Happy Birthday Mr. Graves!

This summer day, the 24th of July, would have been your 117th birthday.

To celebrate it, here is one of your more caustic offerings:

 

 

The Blue Fly

 

 

 

Five summer days, five summer nights,
The ignorant, loutish, giddy blue-fly
Hung without motion on the cling peach
Humming occasionally ‘O my love, my fair one!’
As in the canticles.

Magnified one thousand times, the insect
Looks farcically human; laugh if you will!
Bald head, stage fairy wings, blear eyes,
A caved-in chest, hairy black mandibles,
Long spindly thighs.

The crime was detected on the sixth day.
What then could be said or done?
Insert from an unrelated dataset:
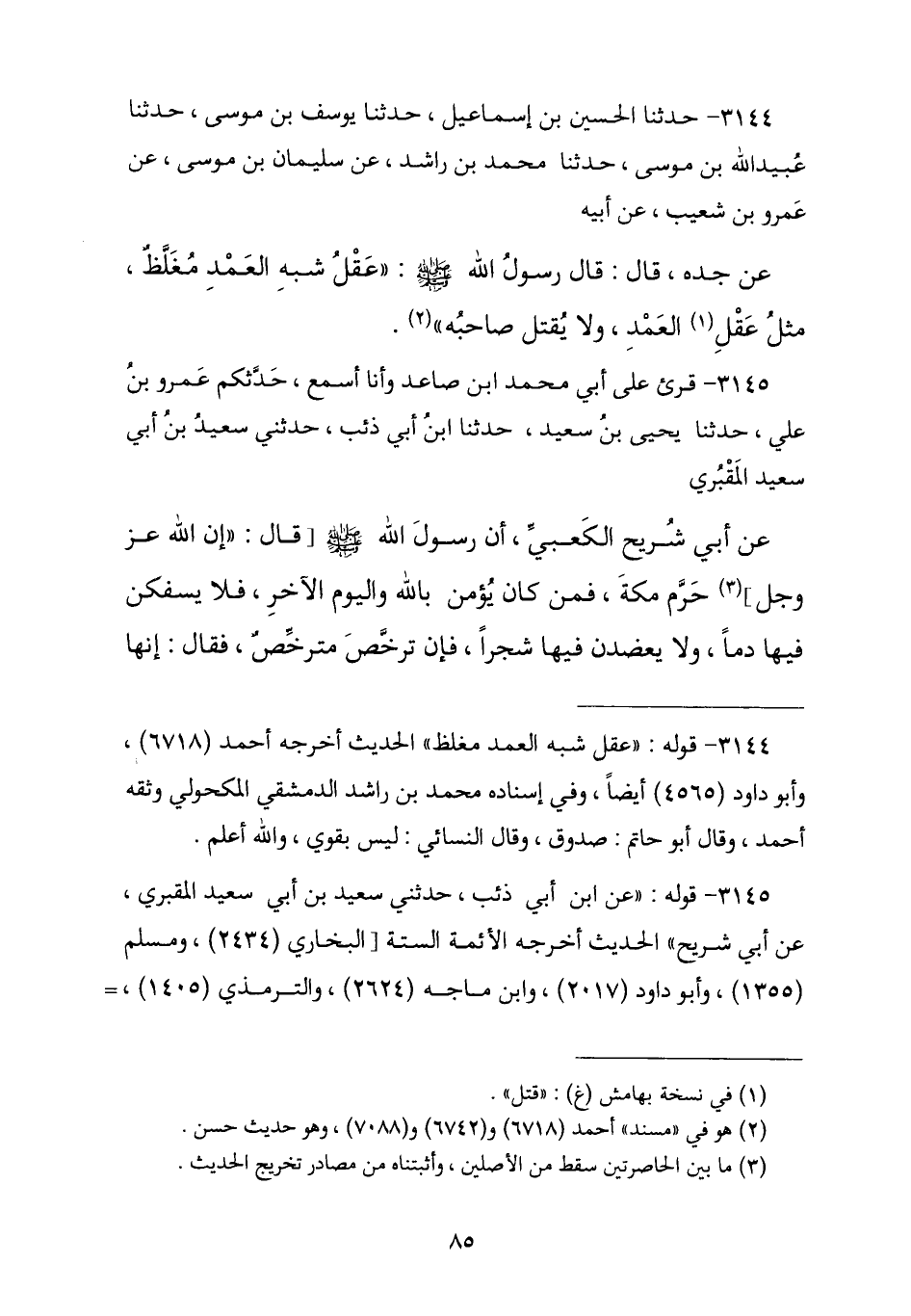 3144 - نا الْحُسَيْنُ بْنُ إِسْمَاعِيلَ , نا يُوسُفُ بْنُ مُوسَى , نا عُبَيْدُ اللَّهِ بْنُ مُوسَى , نا مُحَمَّدُ بْنُ رَاشِدٍ , عَنْ سُلَيْمَانَ بْنِ مُوسَى , عَنْ عَمْرِو بْنِ شُعَيْبٍ , عَنْ أَبِيهِ , عَنْ جَدِّهِ , قَالَ: قَالَ رَسُولُ اللَّهِ صَلَّى اللهُ عَلَيْهِ وَسَلَّمَ: § «عَقْلُ شِبْهِ الْعَمْدِ مُغَلَّظٌ مِثْلُ قَتْلِ الْعَمْدِ وَلَا يُقْتَلُ صَاحِبُهُ»

By anyone?
It would have been vindictive, mean, and what-not,
To swat that fly for being a blue-fly,
For debauch of a peach.

Is it fair either, to bring a microscope
To bear on the case, even in search of truth?
Nature, doubtless, has some compelling cause
To glut the carriers of her epidemics –
Nor did the peach complain.

 

 

 

 

And from the Devil….

In Five Short Days: The Devil Replies.

They say it took God seven relentless eons
To proudly sanctify his own creation,
And yet another slow -moving two milennia
Before King Solomon found his inspiration
In the Lily.

Since that scene enacted in the garden, I have noticed
Women will fall predictably in love with blue-flies
Whose odious limbs, bald pates and other defects,
Through sly distraction of our fervid chanting prove
No serious detriment.

My ‘crime’ as you uncharitably put it,
I committed at Her public acquiescence.
She should, I swear have done the shameful deed
With any fly of any other colour.
And would again.

Why vent on poor Beelzebub your peevish venom?
Uncounted women prefer cads to poets –
Nature’s compelling cause, to come in season,
Subsumes itself beneath the whims of creatures
Who fain would  invite decay.

Dia Tsung.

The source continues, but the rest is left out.